Given the performance of the equity markets in India, most financial newspapers are gung ho about how retail investors should invest in mutual funds or SIP's and not even consider real estate or the eternal global currency, gold, as a form of investment any more. But maybe there are a few gains to be made by investing in Aurum.
Overall thoughts on the commodity
Fundamentally
speaking the gold markets seems to be in balance. The degree of imbalance in
the short term would at most be demand falling by 1% causing a temporary
imbalance but otherwise I do not believe that there is an imbalance in the
physical market. With capacity additions now tapering off into H215, as per the
new mine addition schedule, I think there could also be a slight tightening in
the market. In terms of flows- currency uncertainty, the fall in Chinese
markets witnessed last week and the risks of a Greece default and delays of a
fed rate hike given US GDP shrinkage numbers being released last week- all lead
me to believe that gold is positioned to correct upwards soon.
I
don’t know if we will see the 40%+ recovery we have seen in oil prices since
they have bottomed but I would not be surprised. I have realized that in the
most traded commodity markets- oil and gold- the market imbalances don’t have
to be great for there to be an immense pressure on prices induced by financial
liquidation. Even with oil the imbalance was of just over a percentage point
that precipitated into a 55%+ decline.
Risks to my view
There are two fundamental risks
to my view. One would be rising retail domestic investor involvement in the
stock markets in India. Jewelry demand in China fell by 10% in Q115. Though
this was in comparison to a historic high in first quarter demand in China in
2014 and though the demand was still 27% above the 5 year demand average in Q1,
a part of this decline can be attributed to rapid rise in the domestic equity
markets. Gold is looked at as an alternative investment by many retail
investors. If domestic participation by retail investors in the local stock
market rises, some demand for gold would be lost. 8 million new accounts (DMAT)

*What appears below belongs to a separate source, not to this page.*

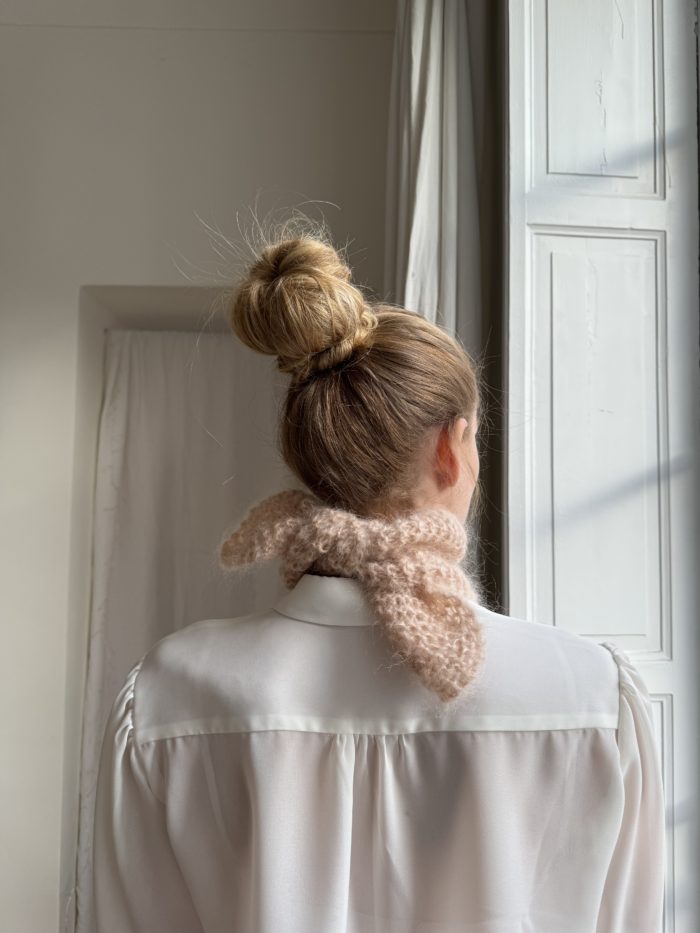 Tour de cou tricoté main en kid mohair coloris rose coquille d’œuf. Doux tel un câlin. PIÈCE UNIQUE

were opened in China in Q115; a 433% increase y-o-y. Given the rising
involvement of retail investors in the domestic market in India, jewelry demand
supported by need for alternative investment could take a hit.
Another risk to my view is the
surge in recycling of gold in Turkey. Given the slowing economic growth, rising
unemployment and growing political risk in Turkey, we witnessed the Turkish
Lira plunging in Q1. This propelled the price of gold locally to 100 Lira/ kg
with gold. This caused a lot of people to cash in their gold for currency and
led to a rise in recycling supply for the metal.

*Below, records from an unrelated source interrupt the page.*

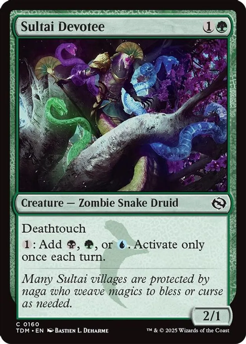 Magic: the Gathering (mtg) Common creature — zombie snake druid Sultai Devotee from Tarkir: Dragonstorm (TDM) last updated 2026-02-21 15:38:36
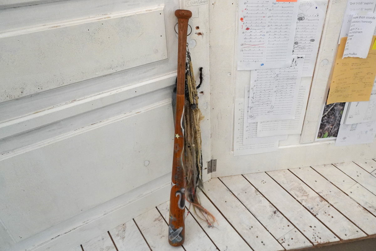 羊文学の楽曲は、幻想的な雰囲気を纏いながら、歌詞は身近な悩みや日常の輝きを語っていて、共感と親密さが漂う。小屋の中には、鏡やシーツのような布(実はおばけを表現している)、バットやジャンプスーツなど、生活風景に溶け込む作品が置かれているので、羊文学の透明感溢れる世界が、観客の日常と地続きであることを示すようだった。
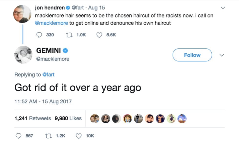 Macklemore does not need to "denounce" his haircut because there was nothing to denounce in the first place. It's a haircut people, not a middle finger to a race.

How the flows work in Gold’s favor now?
Investors turn to gold, the
eternal global currency, when paper currency markets register volatility or in
cases of geo-political instability. The world seems to be ripe for both of
those to occur now. Currency volatility has dominated 2015. The one popular
trade- long dollar- is also lightening up now with people unwinding their long
positions owing to uncertainty of a fed rate hike.
Movements in real rates are
inversely related to movements in price of gold. With the shrinkage in US GDP
noted last week it seems even more unlikely that the Fed will raise rates in
their June meeting. This coupled with the rising risk of default in Greece as
well as the uncertainty of the future of Chinese markets given the over 9% drop
in the Chinese A Shares within two days last week- will force some retail
investors into gold.
Moreover the relative strength of
the underlying commodity to its miners’ stock price seems to be at a historic
high. My guess would be that should there be a correction we would see miners
correct a lot more than the commodity price itself.

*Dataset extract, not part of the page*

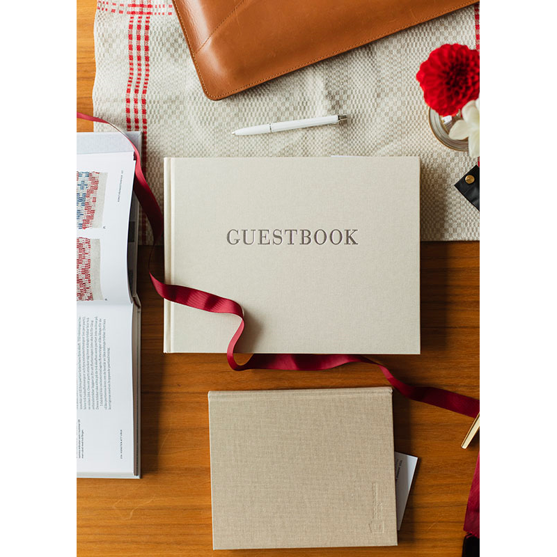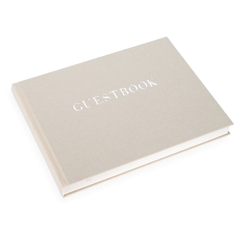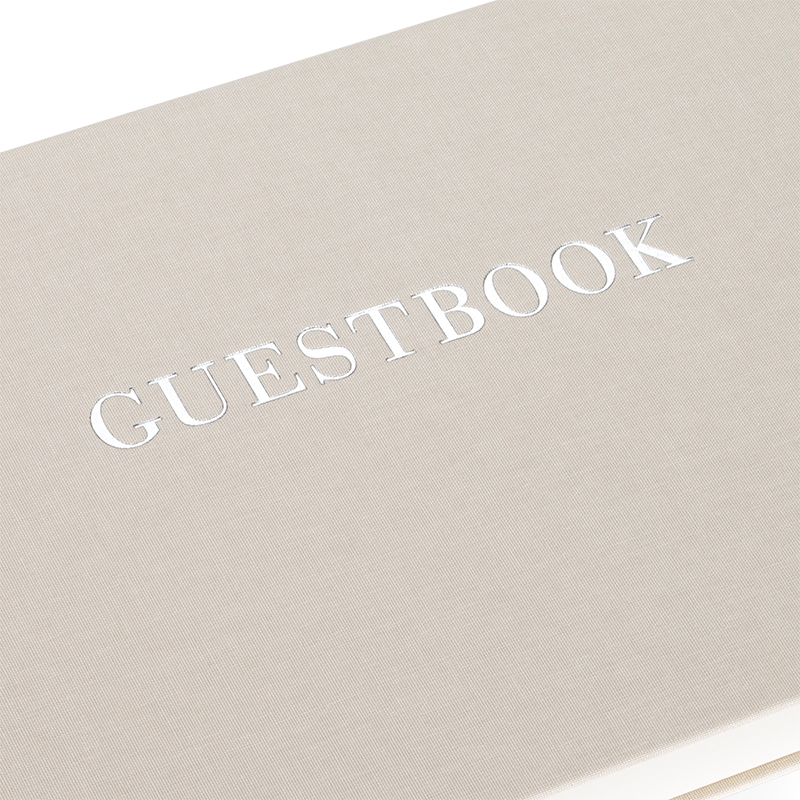 Embossé en argenté avec "Guestbook".

How do the fundamentals hold up?
Globally, Q1 demand was only
slightly weaker than last years’ with most of the fall caused by the increased
domestic participation in the equity markets in China. Given the move last
week, some of the fringe investors will be drawn back to gold. Moreover growth
in demand in India, SE Asia and the US should offset the fall in demand in
China.
The key fundamental factor
supporting my view on gold is the supply curve. Not only are the mine capacity
additions tapering off in H215 but we also see the cost curves adjusting to the
lower gold prices having faced lower prices since mid-2013. A correction in
gold prices will therefore create increased cash flows per ton for miners who
have devoted a lot of the operational energy on lowering costs and adjusting to
the new price levels over the past few quarters.